The game runs in parallel on both PCs, and basically, each game sees
the same than if both players were physically on the PC, playing with
2 gamepads (for example). So only the local input (pad direction &
fire buttons) is sent to the distant PC, from each PC. No other game
related information is sent (except at game start, to ensure the
initial states match on both PC ; and during the game some other
little infos are sent to know if the games are still in sync).
But as one player is distant, the trick to make it work is to delay
the local input until the distant input is received. This delay must
be fixed and cannot be different between the 2 PCs : this is the main
downside of this technique. It means if the fixed delay is under the
actual latency, then the game will pause and wait to receive the
distant input. You can adapt the delay to the conditions, though, but
it's not as easy & convenient than in a standard client/server
configuration as it must be done on both PCs on the exact same game frame.
This technique is commonly used for RTS game network code (with some
variants), where the maximum number of players is not too high.
So at 500ms ping, that requires at least 250ms input delay to make
the game runs normally.
It means that your player starts to move 250ms after you actually
pressed the movement key. Which is totally unplayable... ;) I know
well because the game used to be only that, without prediction, and
the maximum enjoyable delay was around 100ms.
So above that, I added a prediction module.
It's always possible to predict our player movement, as all the local
input in stocked locally and can be used to know where our player will go.

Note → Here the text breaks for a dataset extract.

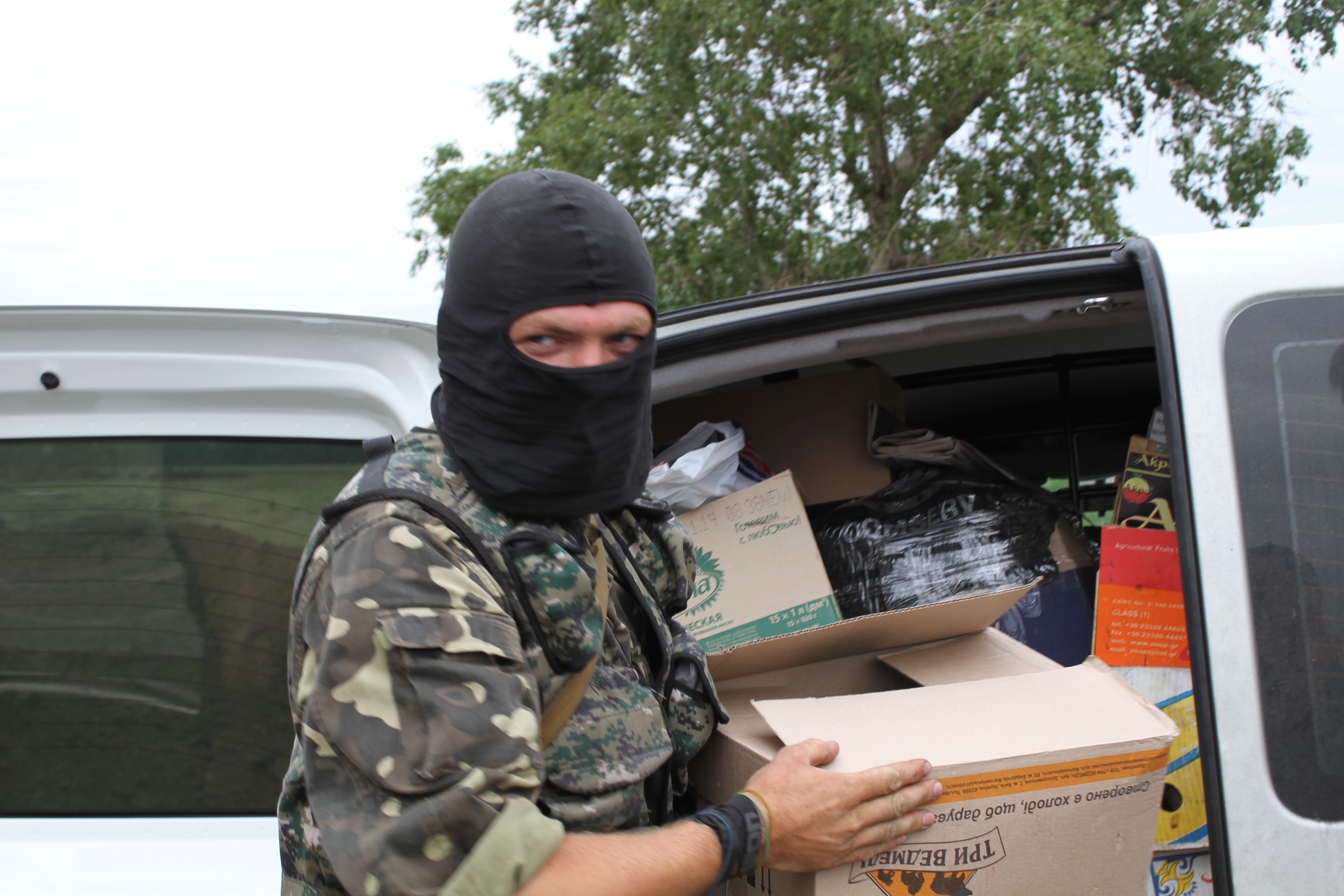 Рано вранці вони заїхали в звільнений напередодні Слов'янськ і біля церкви побачили людину в камуфляжі. Водій Сашко вийшов з машини, щоб розпитати його дорогу. Став пояснювати, що вони добровольці і везуть допомогу українським військовим.

We can predict a bit our opponent movement, by using any input packet
already arrived, and by predictable behavior (for example : he will
usually run to the ball), but this prediction can be wrong often, so
I can't push it too much, and I smooth the distant player's
coordinates over several frames to avoid jerkiness when prediction
went wrong ; so in average the perceived latency on the distant
player movement for the local gamer's eyes will be usually around
125ms. It's not great, but it's good enough to give an enjoyable
online experience.
It's always possible to predict where the ball will go, as it's
deterministic, except after our opponent hits it, coz we won't know
for sure where he sent it before the next 250ms. So here, I need to
predict where the distant player will aim and as it's not always
possible to do it exactly, the ball will jerk sometimes a bit between
the wrongly predicted position and its real position that will be
known once all 250ms of input will be received.